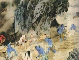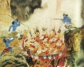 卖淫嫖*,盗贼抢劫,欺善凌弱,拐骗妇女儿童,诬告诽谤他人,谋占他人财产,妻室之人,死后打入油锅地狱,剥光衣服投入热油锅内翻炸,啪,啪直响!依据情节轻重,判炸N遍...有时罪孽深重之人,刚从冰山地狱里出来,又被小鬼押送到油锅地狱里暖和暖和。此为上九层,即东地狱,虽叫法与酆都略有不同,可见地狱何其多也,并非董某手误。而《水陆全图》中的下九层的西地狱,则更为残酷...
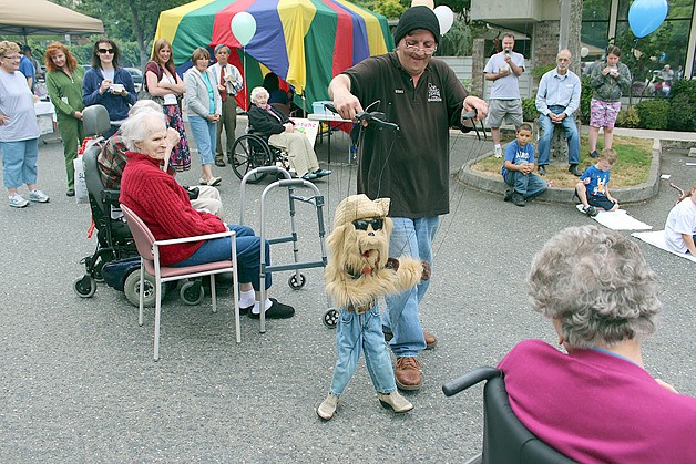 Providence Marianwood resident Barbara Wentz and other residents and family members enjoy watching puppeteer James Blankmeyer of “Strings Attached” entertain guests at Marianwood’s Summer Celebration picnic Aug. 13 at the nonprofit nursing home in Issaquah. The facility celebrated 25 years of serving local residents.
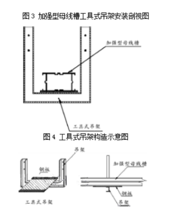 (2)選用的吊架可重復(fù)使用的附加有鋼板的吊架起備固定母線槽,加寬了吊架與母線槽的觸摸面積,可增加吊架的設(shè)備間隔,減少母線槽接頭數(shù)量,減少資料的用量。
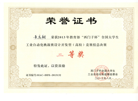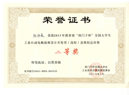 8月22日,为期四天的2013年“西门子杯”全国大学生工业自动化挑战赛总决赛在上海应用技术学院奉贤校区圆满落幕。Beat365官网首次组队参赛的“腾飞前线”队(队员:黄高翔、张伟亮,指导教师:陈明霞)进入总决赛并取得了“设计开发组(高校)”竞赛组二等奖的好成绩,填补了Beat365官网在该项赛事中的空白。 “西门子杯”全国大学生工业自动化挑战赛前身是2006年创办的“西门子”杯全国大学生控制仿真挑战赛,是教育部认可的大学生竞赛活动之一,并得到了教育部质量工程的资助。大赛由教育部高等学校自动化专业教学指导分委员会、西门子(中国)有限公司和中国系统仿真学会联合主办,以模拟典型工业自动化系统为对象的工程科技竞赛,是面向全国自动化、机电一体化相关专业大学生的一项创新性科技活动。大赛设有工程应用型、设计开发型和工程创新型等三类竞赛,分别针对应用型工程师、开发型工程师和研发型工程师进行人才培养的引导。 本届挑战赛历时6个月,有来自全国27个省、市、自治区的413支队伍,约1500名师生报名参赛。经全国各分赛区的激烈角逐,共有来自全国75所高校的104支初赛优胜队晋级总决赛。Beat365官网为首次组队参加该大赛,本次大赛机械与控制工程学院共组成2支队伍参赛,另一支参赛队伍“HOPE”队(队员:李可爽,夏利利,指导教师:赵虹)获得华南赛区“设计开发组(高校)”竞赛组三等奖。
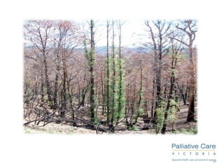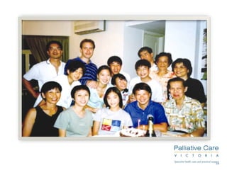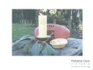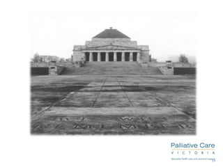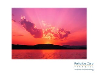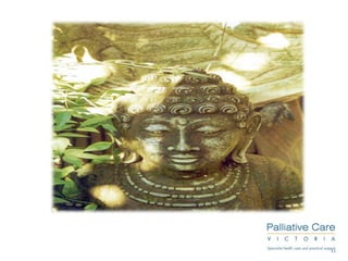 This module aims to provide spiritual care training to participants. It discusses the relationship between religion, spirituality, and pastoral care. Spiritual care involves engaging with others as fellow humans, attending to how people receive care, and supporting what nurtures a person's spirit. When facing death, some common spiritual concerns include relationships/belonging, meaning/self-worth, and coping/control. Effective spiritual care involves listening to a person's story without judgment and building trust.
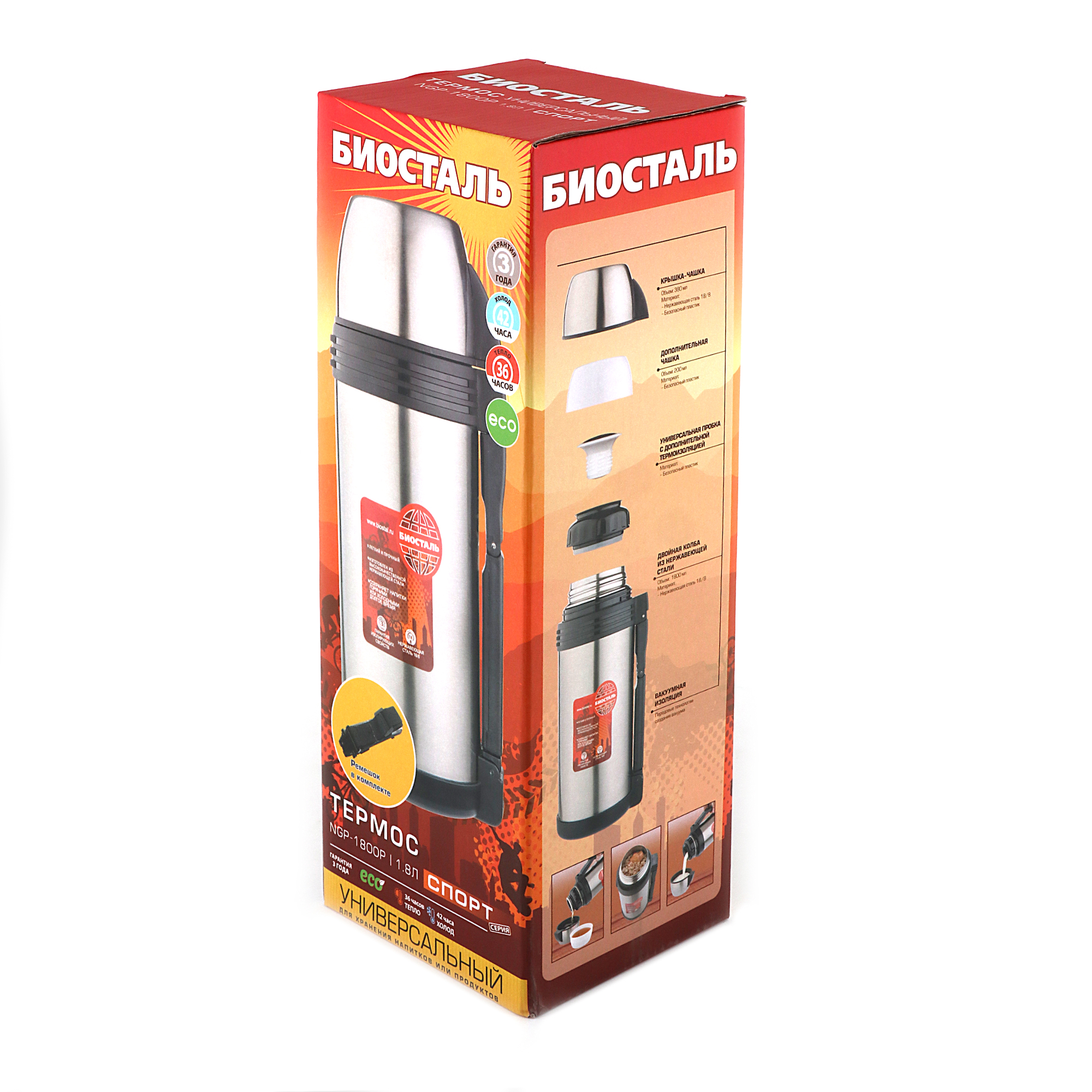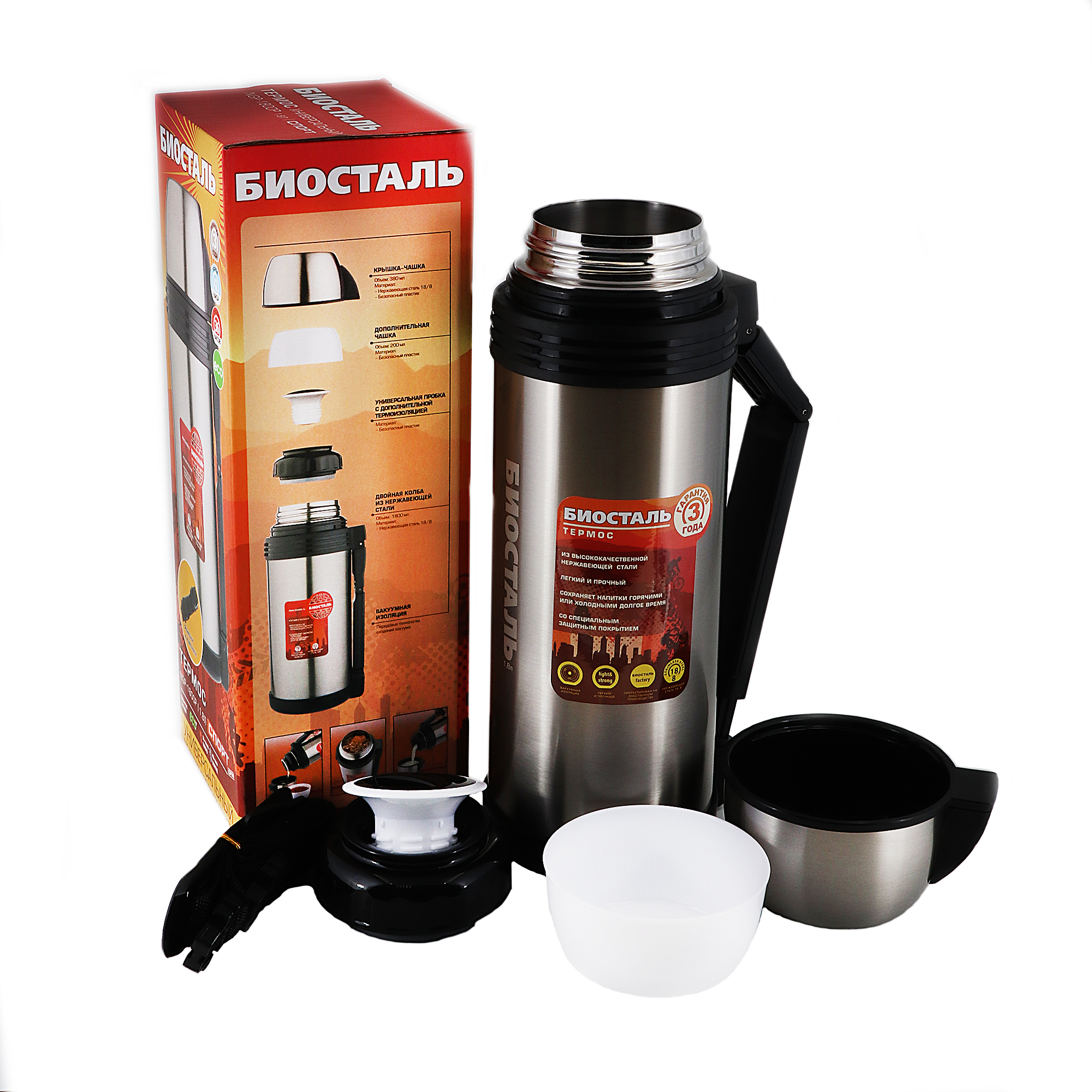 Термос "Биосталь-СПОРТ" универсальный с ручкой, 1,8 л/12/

--

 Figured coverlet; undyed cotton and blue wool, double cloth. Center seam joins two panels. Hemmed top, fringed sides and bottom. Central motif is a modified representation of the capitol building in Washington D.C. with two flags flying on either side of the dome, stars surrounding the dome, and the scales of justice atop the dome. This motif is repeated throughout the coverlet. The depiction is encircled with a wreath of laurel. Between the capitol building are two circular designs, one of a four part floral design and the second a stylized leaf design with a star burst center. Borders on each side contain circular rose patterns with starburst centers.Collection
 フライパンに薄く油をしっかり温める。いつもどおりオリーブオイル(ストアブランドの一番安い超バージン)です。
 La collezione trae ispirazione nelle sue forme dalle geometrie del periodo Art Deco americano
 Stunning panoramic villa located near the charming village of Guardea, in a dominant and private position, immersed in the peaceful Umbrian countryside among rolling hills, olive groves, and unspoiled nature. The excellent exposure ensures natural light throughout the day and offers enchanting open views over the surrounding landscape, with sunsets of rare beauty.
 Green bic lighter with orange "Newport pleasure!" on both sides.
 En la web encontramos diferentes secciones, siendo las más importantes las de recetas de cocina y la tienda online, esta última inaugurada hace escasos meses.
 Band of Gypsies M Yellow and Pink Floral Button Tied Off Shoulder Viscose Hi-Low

--

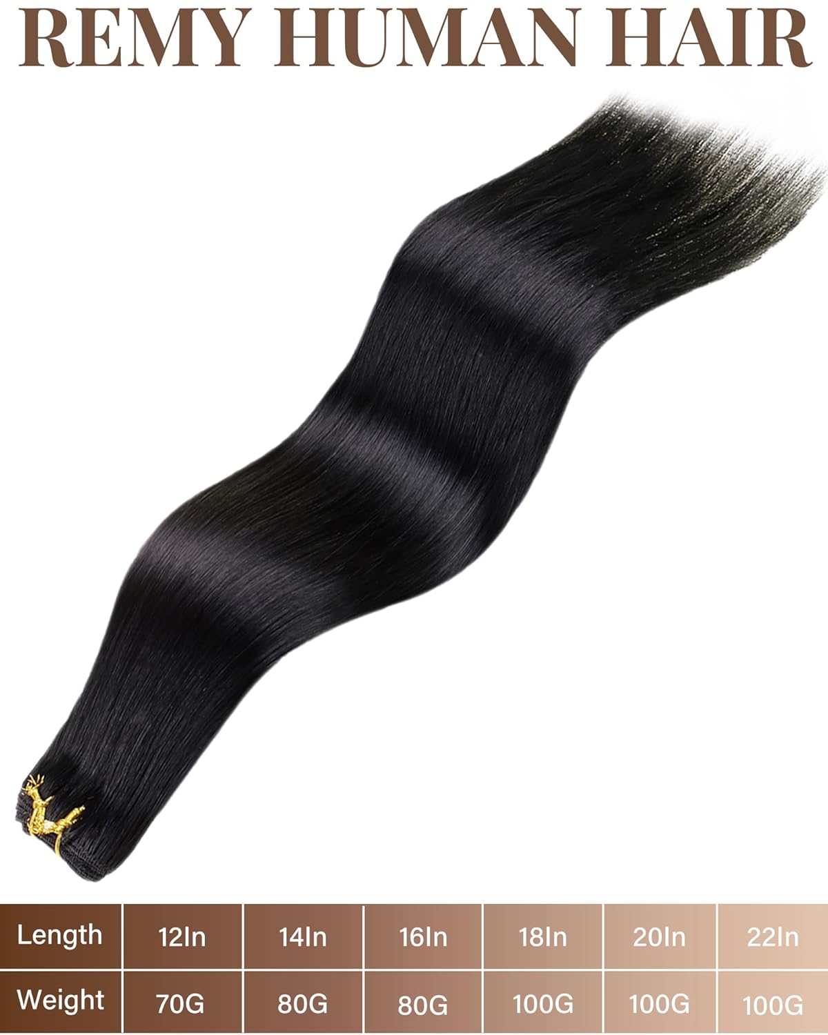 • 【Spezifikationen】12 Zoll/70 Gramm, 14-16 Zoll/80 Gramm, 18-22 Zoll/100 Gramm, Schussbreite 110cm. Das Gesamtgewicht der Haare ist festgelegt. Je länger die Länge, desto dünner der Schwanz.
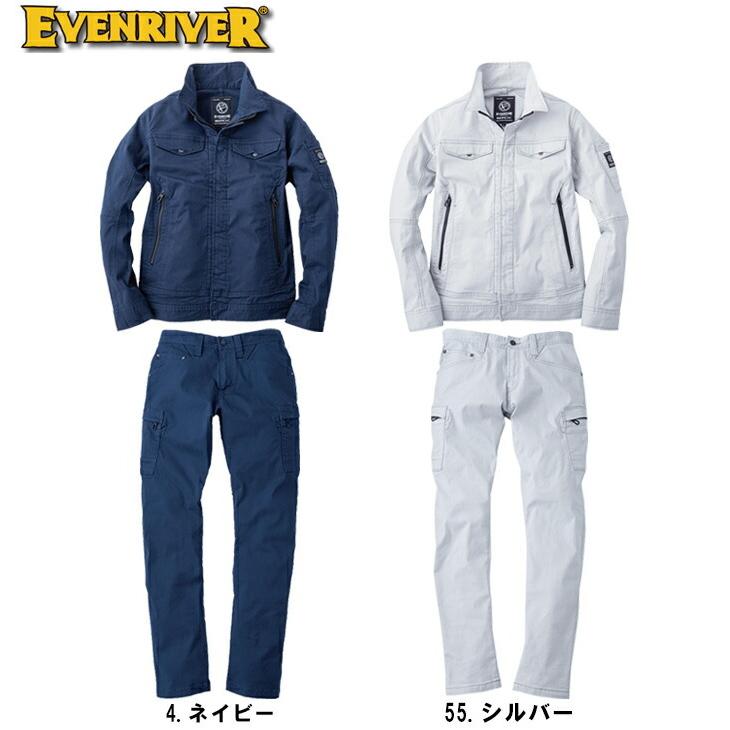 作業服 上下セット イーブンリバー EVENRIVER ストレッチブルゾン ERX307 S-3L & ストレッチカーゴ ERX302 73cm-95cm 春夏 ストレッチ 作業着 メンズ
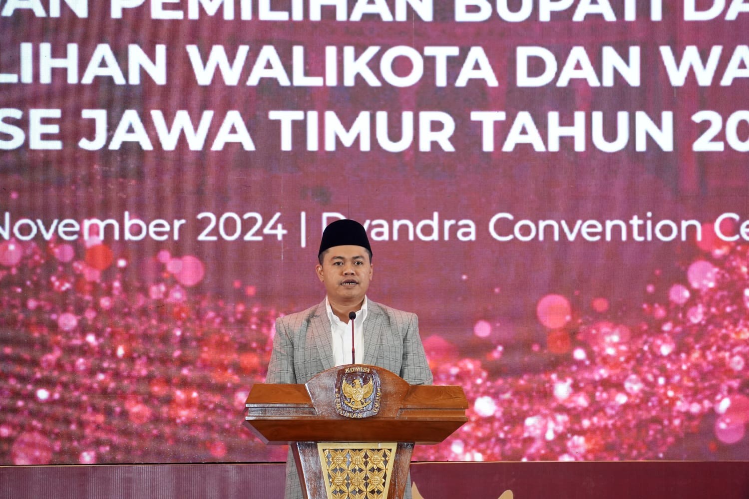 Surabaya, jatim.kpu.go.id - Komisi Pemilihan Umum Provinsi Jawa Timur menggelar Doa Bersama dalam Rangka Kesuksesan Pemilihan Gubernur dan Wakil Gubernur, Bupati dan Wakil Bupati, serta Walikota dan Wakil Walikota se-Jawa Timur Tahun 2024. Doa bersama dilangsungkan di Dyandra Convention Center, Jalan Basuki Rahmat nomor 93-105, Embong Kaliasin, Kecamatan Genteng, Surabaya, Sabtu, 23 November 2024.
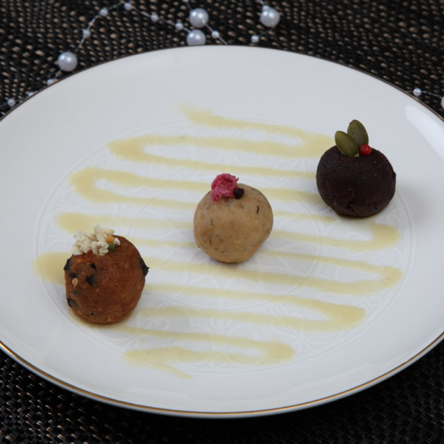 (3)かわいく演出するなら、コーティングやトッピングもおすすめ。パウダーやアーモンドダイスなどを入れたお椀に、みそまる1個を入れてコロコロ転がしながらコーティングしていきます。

--

Could you set down, word for word, only the lines above from the line with "Stunning panoramic villa" to the line with "Band of Gypsies", including both?

Reply to the exercise -
 Stunning panoramic villa located near the charming village of Guardea, in a dominant and private position, immersed in the peaceful Umbrian countryside among rolling hills, olive groves, and unspoiled nature. The excellent exposure ensures natural light throughout the day and offers enchanting open views over the surrounding landscape, with sunsets of rare beauty.
 Green bic lighter with orange "Newport pleasure!" on both sides.
 En la web encontramos diferentes secciones, siendo las más importantes las de recetas de cocina y la tienda online, esta última inaugurada hace escasos meses.
 Band of Gypsies M Yellow and Pink Floral Button Tied Off Shoulder Viscose Hi-Low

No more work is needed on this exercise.